Le dispositif de ces émissions de plateau, qui réunissent des auteurs venus débattre de leurs livres autour d’une table basse, reproduit en quelque sorte celui des salons littéraires du XVIIIe siècle. S’y impose le motif du cercle. Dans Italiques, rien (et surtout pas la présence superflue d’un décor) ne vient distraire le téléspectateur du spectacle de la parole que nous offrent Aron et ses thuriféraires. Dans le très sobre Apostrophes, la lumière plus diffuse accuse la fausse intimité du plateau et la présence d’un public à l’arrière-plan vient redoubler l’idée du spectacle en direct.
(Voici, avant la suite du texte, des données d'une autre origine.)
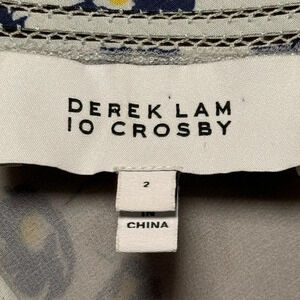 EUC! Derek Lam 10 Crosby silk tiered floral midi dress in a women's size 2. Silk crepe in a very light gray and white with navy blue floral print. Single button closure on side under arm. Fully lined.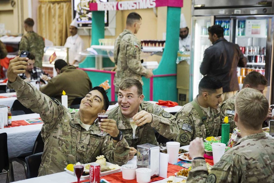 Read moreU.S. soldiers from the 3rd Cavalry Regiment pose for a photograph while eating a Christmas day lunch at forward operating base Gamberi, Afghanistan, on December 25, 2014. #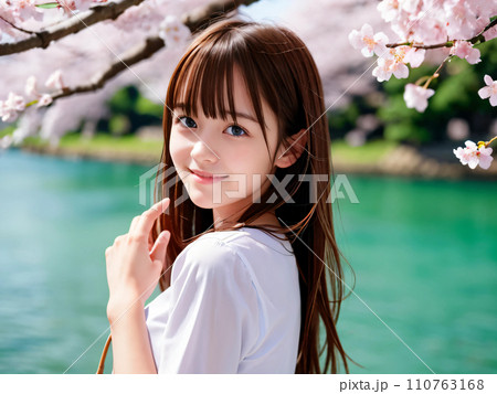 AI画像 満開の桜の公園で笑顔を見せる若い女性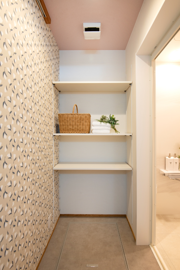 | 帰ってきてすぐに使えるように玄関近くに洗面化粧台を配置。洗面ボールは実験用流しをセレクト。広く深さのあるシンクで、子どもたちが汚してしまった服や靴を洗うのに活躍しそうです。 | 脱衣室は壁面に可動棚を設置し空間を有効活用。 壁紙と浴槽は娘さんの好きなピンク色をセレクトされました。 |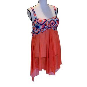 Women's Tankani Swimwear One Piece Size 18 Built In Underwire Bra Multicolor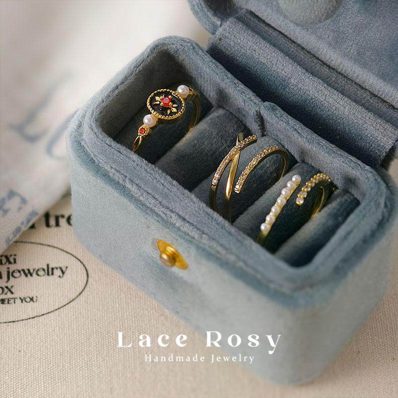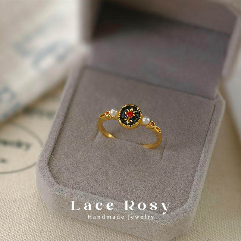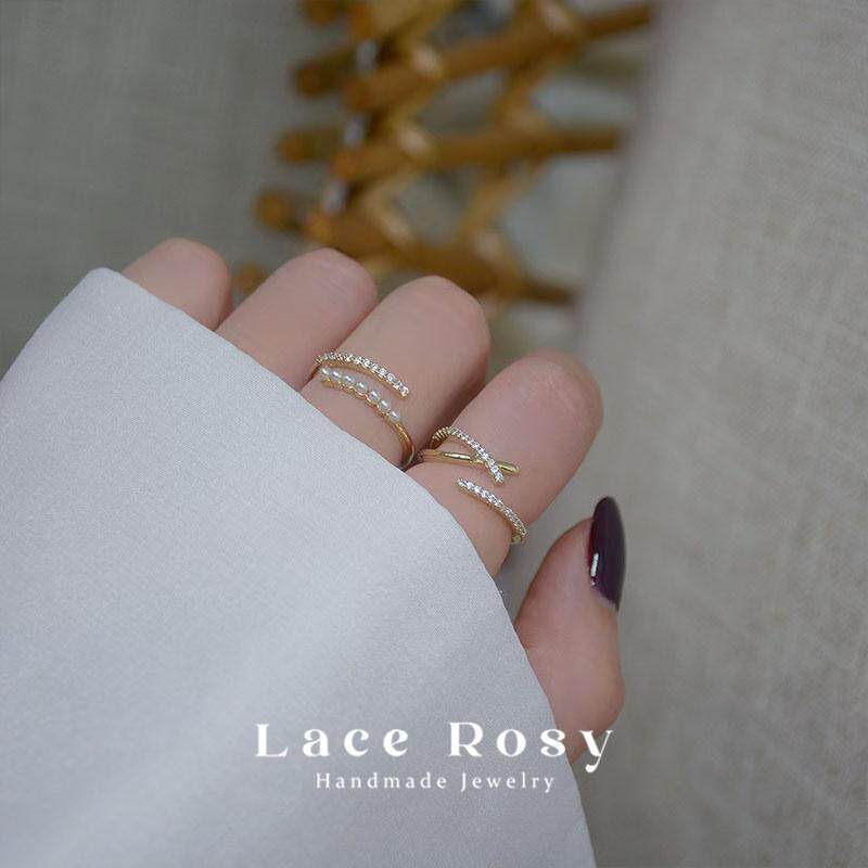 (特价处理)法式复古开口戒指锆石黑色珍珠碎钻气质简约通勤饰品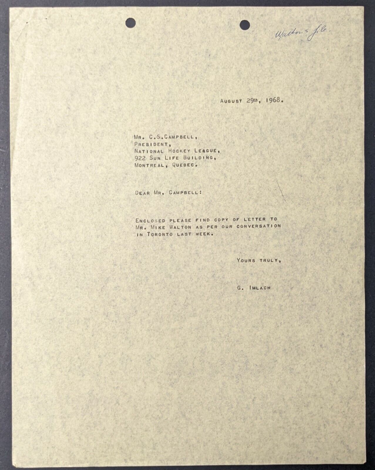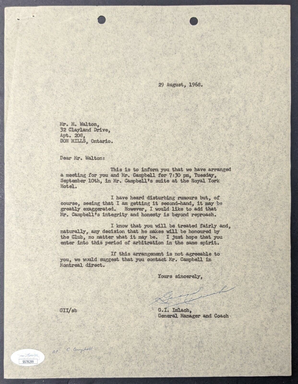 1968 Punch Imlach Autographed Signed Letter Toronto Maple Leafs NHL Hockey VTG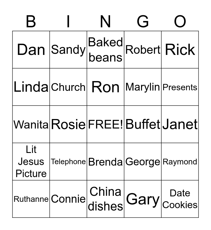 This bingo card has a free space and 26 words: Brenda, Gary, Ron, Connie, Rick, Dan, Linda, Sandy, Janet, George, Marylin, Wanita, Raymond, Ruthanne, Rosie, Richard, Robert, Lit Jesus Picture, Baked beans, Date Cookies, Presents, China dishes, Buffet, Telephone, Church and Bible.

En somme, « la » conversation du « café littéraire » se démultiplierait dans « les » conversations du « salon-plateau ». Or remarquons qu’un personnage gagne en importance : celui du journaliste-médiateur qui doit orchestrer le débat (Max-Pol Fouchet et Marc Ullmann sur le plateau d’Italiques, Bernard Pivot – le bien-nommé – sur celui d’Apostrophes). De débat, il n’y en a guère avec Aron, ce dernier faisant l’unanimité, malgré la diversité de ses interlocuteurs (Françoise Sagan, Francis Blanche, Françoise Giroud…). Les journalistes s’y révèlent encore fort discrets. Le dispositif du débat est encore « transactionnel » et repose sur une stratégie « dans laquelle la légitimité de l’autre est reconnue, la confiance élevée, la crédibilité forte » (Noël Nel, À fleurets mouchetés. 25 ans de débats télévisés, La Documentation française, 1988).
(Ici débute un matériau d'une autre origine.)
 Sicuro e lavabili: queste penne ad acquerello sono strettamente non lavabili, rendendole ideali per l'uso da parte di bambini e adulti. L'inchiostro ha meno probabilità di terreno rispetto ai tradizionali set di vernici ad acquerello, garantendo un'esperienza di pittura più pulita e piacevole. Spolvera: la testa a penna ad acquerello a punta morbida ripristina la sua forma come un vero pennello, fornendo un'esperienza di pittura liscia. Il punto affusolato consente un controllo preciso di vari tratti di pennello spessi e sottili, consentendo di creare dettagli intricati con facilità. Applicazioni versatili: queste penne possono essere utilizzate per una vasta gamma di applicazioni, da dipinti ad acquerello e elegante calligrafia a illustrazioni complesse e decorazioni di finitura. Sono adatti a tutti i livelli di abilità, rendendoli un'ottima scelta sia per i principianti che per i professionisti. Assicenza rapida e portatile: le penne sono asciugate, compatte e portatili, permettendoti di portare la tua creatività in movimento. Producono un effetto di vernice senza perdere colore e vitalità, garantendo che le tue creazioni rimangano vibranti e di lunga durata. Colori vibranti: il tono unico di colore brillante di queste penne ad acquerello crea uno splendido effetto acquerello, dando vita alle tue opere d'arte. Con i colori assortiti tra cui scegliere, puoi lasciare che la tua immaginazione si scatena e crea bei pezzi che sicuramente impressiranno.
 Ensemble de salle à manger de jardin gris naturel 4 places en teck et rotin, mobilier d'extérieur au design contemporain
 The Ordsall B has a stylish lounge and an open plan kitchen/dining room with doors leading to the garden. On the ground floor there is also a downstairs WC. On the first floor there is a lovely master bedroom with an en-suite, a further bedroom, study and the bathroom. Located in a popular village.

Dans Apostrophes, Bernard Pivot ne joue pas un rôle neutre ; candide en apparence, il est le vrai metteur en scène des conversations des écrivains. Il relance un propos (« Est-ce que vous diriez que… ? »), fait réagir l’interlocuteur (« Qu’en pensez-vous ? »), suscite la contradiction (« Défendez-vous ! »), désamorce par un trait d’humour, interrompt. La réalisation épouse le mouvement de ce dispositif non plus « transactionnel », mais « de défi » : plans valorisant l’écrivain au verbe haut et au geste éloquent (Robbe-Grillet), plans de coupe saisissant la réaction chez l’interlocuteur (Robert Kanters), gros plan, plus rare, saisissant une émotion plus forte sur un visage (la femme écrivain).

Sur le plateau, l’écrivain est ainsi devenu le personnage, parmi d’autres, d’une fiction où l’œuvre et son écriture (d’ailleurs, se souvient-on du livre pour lequel l’invité d’Apostrophes est présent ?) sont moins essentiels que la prestation de son auteur et sa télégénie.